The distinction is worth holding. Venues like Alinea in Chicago, Lazy Bear in San Francisco, Providence in Los Angeles, Addison in San Diego, Emeril's in New Orleans, and The Inn at Little Washington in Washington operate within a framework where awards and critic recognition define the comparable set. Korean BBQ in Duluth operates within a framework where community trust and repeat local patronage are the primary signals. Both frameworks produce serious food; they simply use different currencies. For international reference, 8 1/2 Otto e Mezzo Bombana in Hong Kong illustrates yet another axis of the same conversation about how ingredient sourcing and cultural authority intersect at the table.
Planning Your Visit
Honey Pig is located at 3473 Old Norcross Road, Suite 304, Duluth, GA 30096, within a commercial plaza that houses multiple restaurants and retail tenants. Parking is available on-site, which matters in a strip-mall format where foot traffic is car-dependent. The Old Norcross corridor is most active on weekend evenings, when waits at the most popular venues can stretch past thirty minutes; arriving before 6 p.m. on weekdays reduces that friction considerably.
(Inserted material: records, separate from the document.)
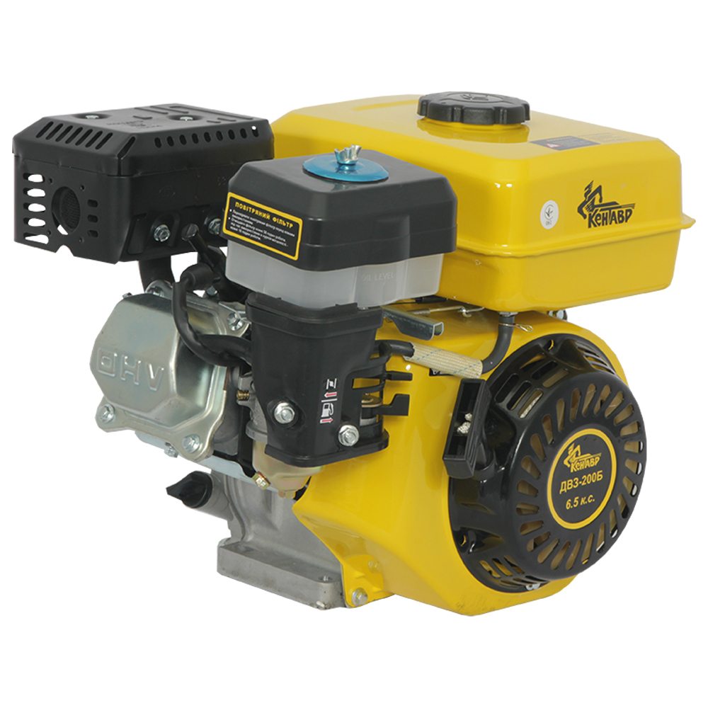 Двигатель внутреннего сгорания Кентавр ДВЗ-200Б – модульный универсальный бензиновый одноцилиндровый четырехтактный воздушного охлаждения двигатель общего назначения. Двигатель внутреннего сгорания Кентавр ДВЗ-200Б мощностью 6,5 л.с. и рабочим объемом 196 куб. см, может использоваться в составе миниэлектростанций, в сельскохозяйственной технике – мотоблоках, мотокультиваторах, косилках, самоходных шасси, ирригационных и оросительных системах, в строительном оборудовании – виброплитах, ударных трамбовках, бетономешалках, компрессорах, насосах и помпах. Что примечательно, крепление двигателя – универсальное. Фиксация шкива или зубчатого колеса на выходной части вала двигателя Кентавр ДВЗ-200Б для передачи крутящего момента на различные вспомогательные агрегаты, системы и узлы осуществляется при помощи шпоночного соединения. Для запуска ДВЗ используется ручной стартер. Чтобы избежать повреждения двигателя при отсутствии масла в картере или недостаточном его количестве, предусмотрена аварийная система. Таким образом, при низком уровне масла в картере система защиты остановит его работу, предотвращая поломку. Для облегчения доступа с разных сторон картера двигателя предусмотрены две горловины для заливки масла с пробками-щупами. Благодаря компактным габаритным размерам и небольшому весу двигатель Кентавр ДВС-200Б можно использовать в качестве силового агрегата транспортных средств, в том числе и водного транспорта – лодок, катеров и небольших яхт.
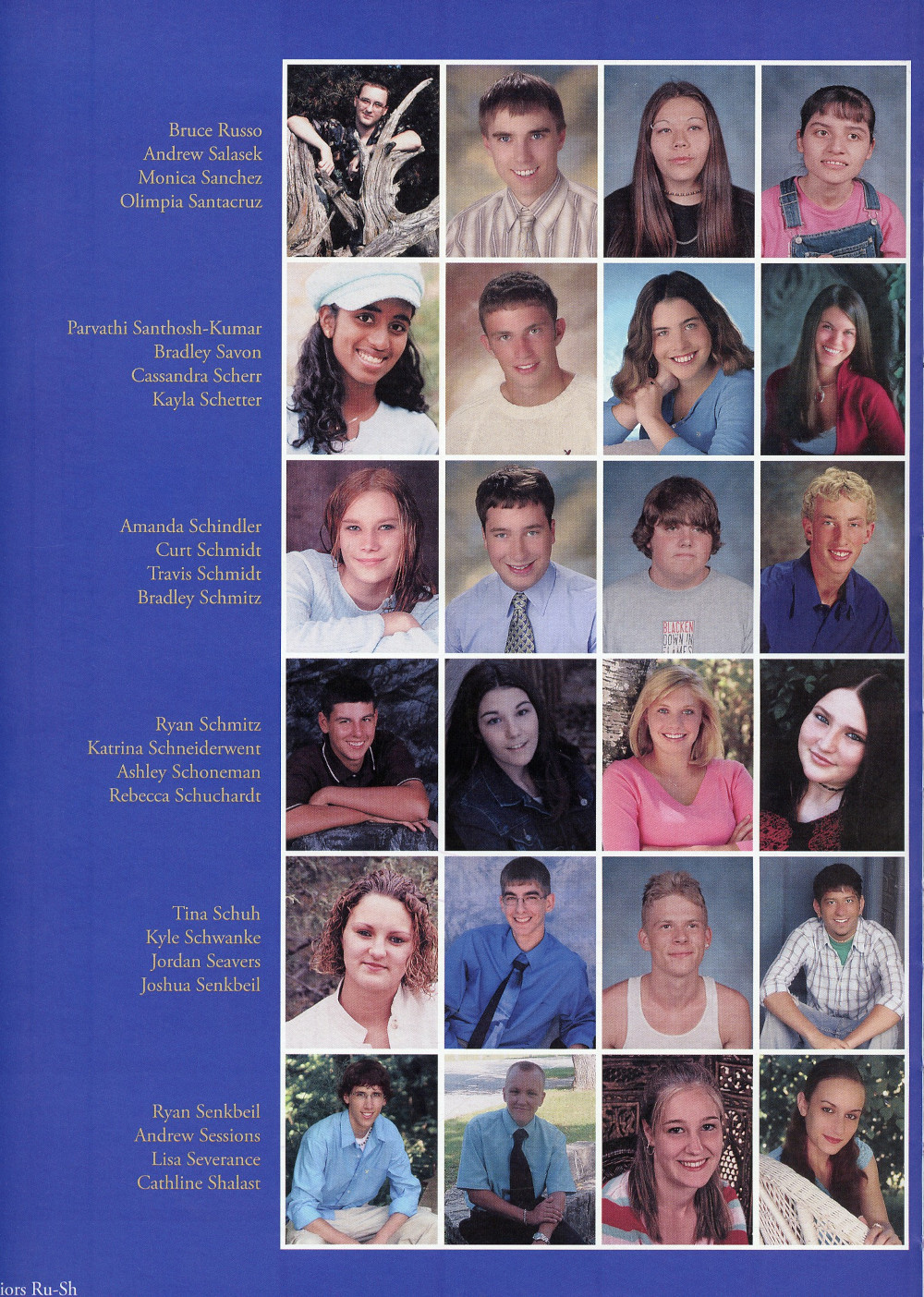 2006 Sheboygan North High School Yearbook Page 130: Bruce Russo, Andrew Salasek, Monica Sanchez, Olimpia Santacruz, Parvathi Santhosh-Kumar, Bradley Savon, Cassandra Scherr, Kayla Schetter, Amanda Schindler, Curt Schmidt, Travis Schmidt, Bradley Schmitz, Ryan Schmitz, Katrina Schneiderwent, Ashley Schoneman, Rebecca Schuchardt, Tina Schuh, Kyle Schwanke, JOrdan Seavers, Joshua Senkbeil, Ryan Senkbeil, Andrew Sessions, Lisa Severance, Cathline Shalast.
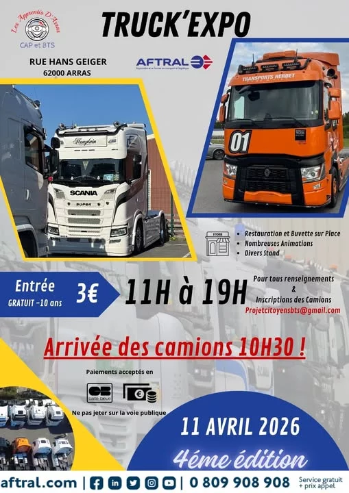 Les apprentis en BTS Gestion des transports et logistique associée (GTLA) et l’association Les apprentis d’Arras organisent le rassemblement de camions Truck'expo, le 11 avril 2026 dans le centre de formation Aftral de la ville du Pas-de-Calais.
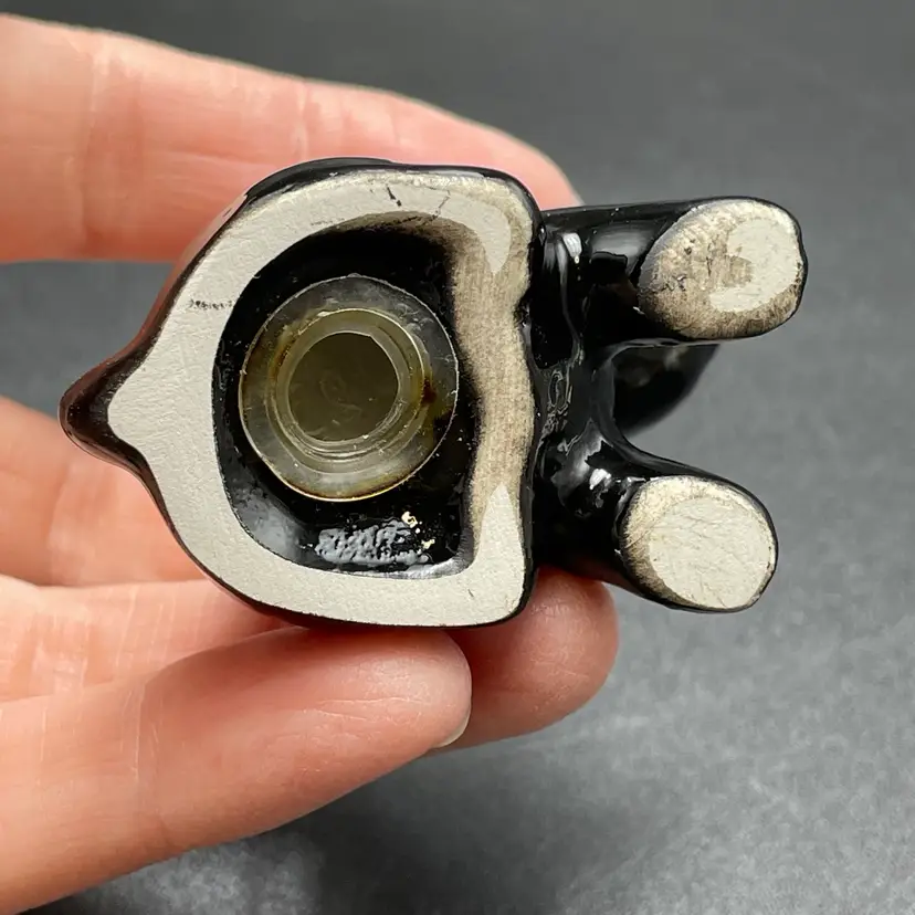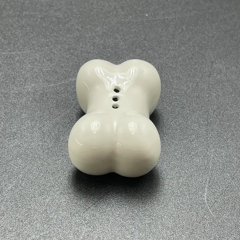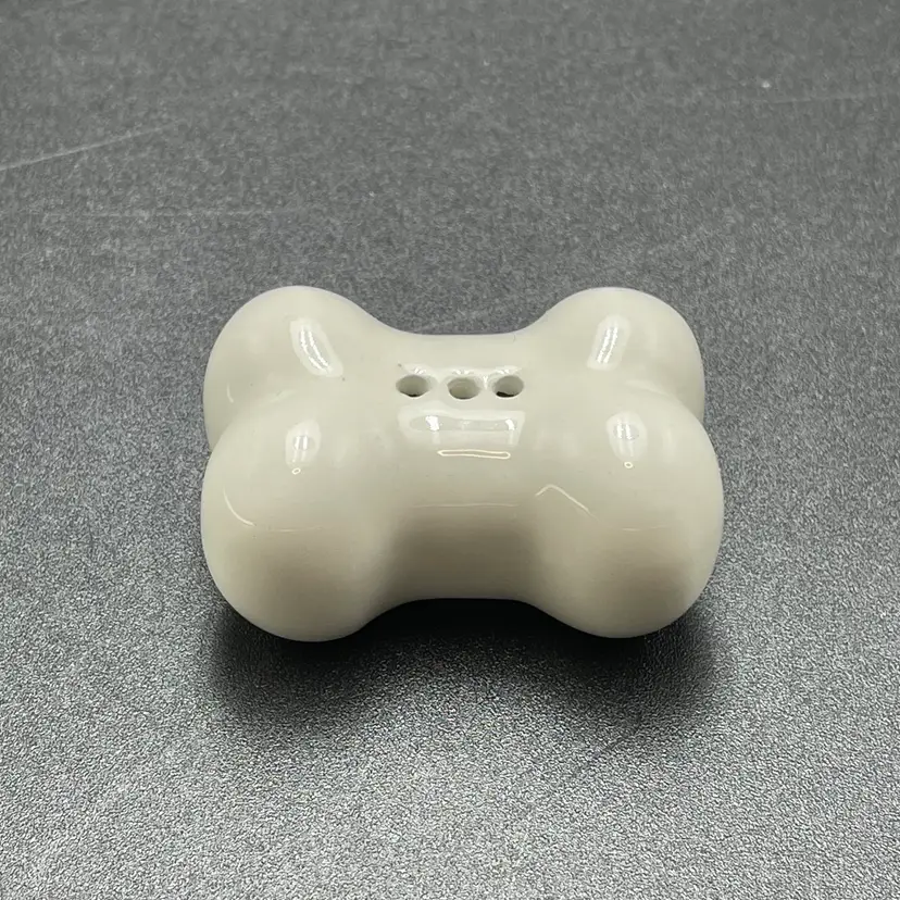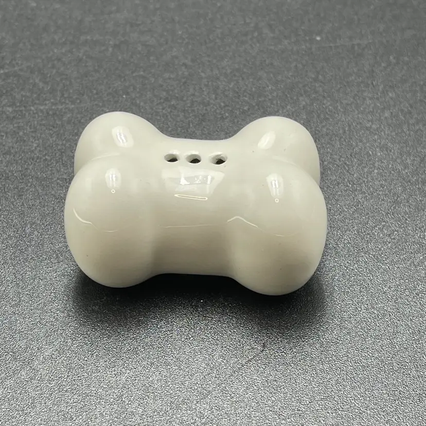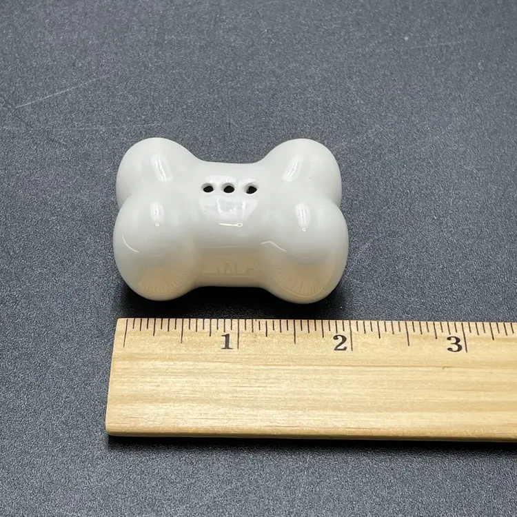 This is a set of 2 dog and bone salt and pepper shakers. The dog measures approximately 2" tall. The bone is 1" tall x 1.75" long. No chips or cracks.
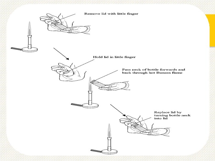 Procedure For Aseptically Transfer 1) Flame the loop. 2) Without setting the loop down, open the first culture tube and flame the mouth. Do not set the cap on the bench. The cap should be held in the same hand as the loop. 3) Insert the loop into the culture medium, then withdraw it. 4) Flame the mouth of the first culture tube again, and replace the cap. 5) Open the second culture tube and flame the mouth. Do not set the cap on the bench. The cap should be held in the same hand as the loop.
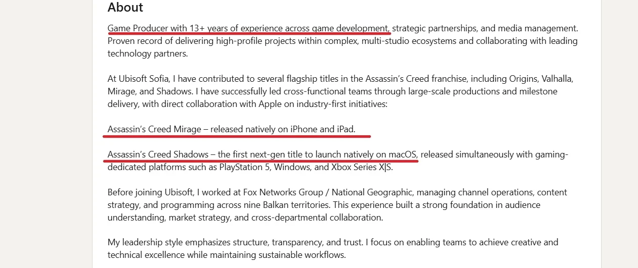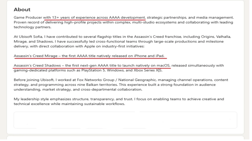 А теперь вот продюсер Ubisoft называет AAAA-играми Assassin’s Creed Mirage и Assassin’s Creed Shadows. Известный блогер Timur222 обратил внимание на LinkedIn-профиль Красимиры Яковлевой (Krasimira Yakovlieva), которая занимается франшизой Assassinʼs Creed в болгарской студии Ubisoft Sofia.
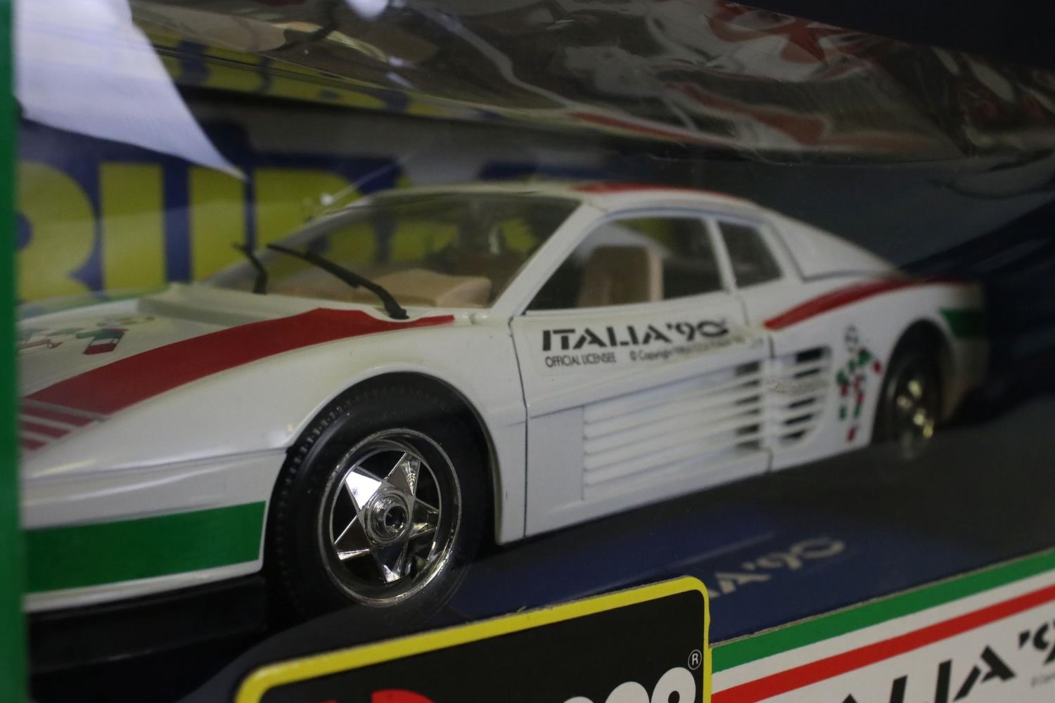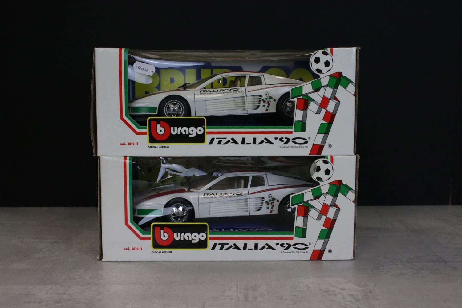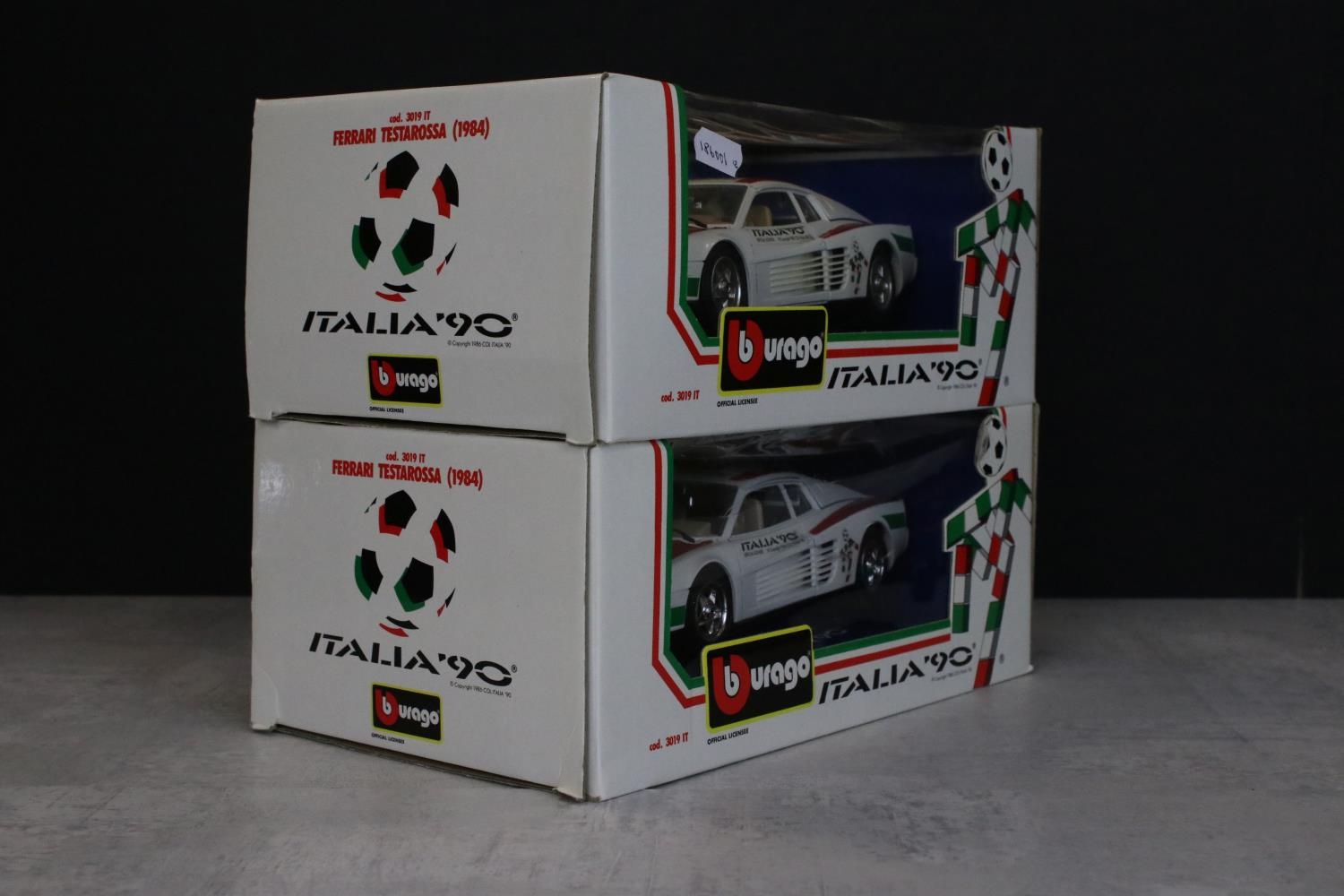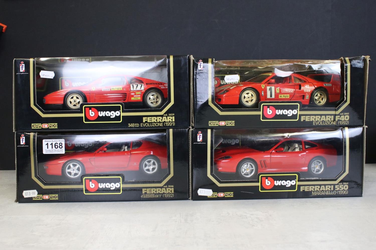 12 boxed Burago 1/18 diecast Ferrari models, to include Diamonds 3007 250 Testa Rossa (1957), 3011 250 GTO (1962), 3027 GTO (1984), 3029 348tb Evoluzione (1991), 3033 250 Le Mans (1965), 3039 348tb (1989), 3042 F40 Evoluzione (1992), 3046 456GT (1992) & 3064 550 Maranello (1996), together with 3019 Testarossa (1984) & 2 x 3019 IT Italia '90 Testarossa (1984), diecast gen ex, boxes with some wear

Honey Pig is walk-in friendly, with casual dress and an average price of about $25 per person.
At-a-Glance Comparison
Comparable venues nearby, for context on price, style, and recognition.
| Venue | Cuisine | Price | Awards | Notes |
|---|---|---|---|---|
| Honey PigThis venue — the venue you are viewing | Korean BBQ | $$ | , | |
| Iron Age | Korean BBQ All-You-Can-Eat | $$ | , | Duluth |
| The Stone Grill - Korean BBQ and Grill | Authentic Korean BBQ | $$ | , | Duluth |
| KITCHEN 121 | Korean-Japanese Fusion | $$ | , | Duluth |
| Breakers Korean BBQ & Grill | Korean BBQ | $$ | , | Gwinnett Place |
| The Best BBQ | Hong Kong-Style Roast Meats & Dim Sum | $$ | , | Duluth |
At a Glance
- Lively
- Energetic
- Industrial
- Group Dining
- Family
- Casual Hangout
- Open Kitchen
- Beer Program
Casual, exciting, industrial decor with hands-on grilling creating a fun, lively atmosphere.